Steve: Like your story about when you talked about the woman after 911 and nobody wanted to …

Ruth: Right, when nobody wanted to go to her line because she had on the Muslim attire.

Steve: Right, those kinds of things. And the idea of…what if, as Christians, we actually went to the world and listened to people? Rather than “took it to them.”

Scott: Meet them on their level.

Steve: Yeah, and even say. You know what? You have something to teach me about God.

Right. Instead of saving them, meeting God in them.

Kyle: That doesn’t mean that you’re never going to say anything to them, but you earn their respect by listening and affirming that what they have it is valuable to say.

Ruth: That goes back to Martin Luther. Anybody can read the Bible themselves.

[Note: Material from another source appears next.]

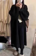Dam Cardigan Jacka – Oversized Passform – Ullstickad – Öppen Framsida – Lång Modell
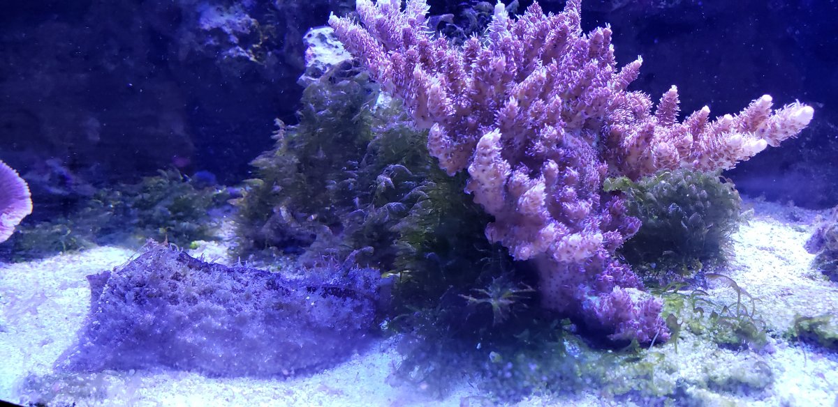 - 3 straight heavy weekly water changes using aggressive manual removal and sand stirring, coupled with newly added phos reactor (100 bucks at brs) to lower Phos from 0.1 to .03

They don’t need the priest. Because I grew up in the Catholic era when my friends didn’t have Bibles in their homes. That has changed, but the idea was: How dare you? You wouldn’t know what this means. So, the Dwelling in the Word is saying that every man, every woman. I understand now.

Steve: yeah. And dwelling in the world. That, one of the…a deep Luther theology…is that God speaks in everything. Luther said, listen to the trees. If we had the imagination—this is social Trinity, now—if we had the imagination that God is actually already present, before we get there, how would that change how you view all of your mundane activities in life?

The walking the dog down the street and you see a neighbor. How does it change that?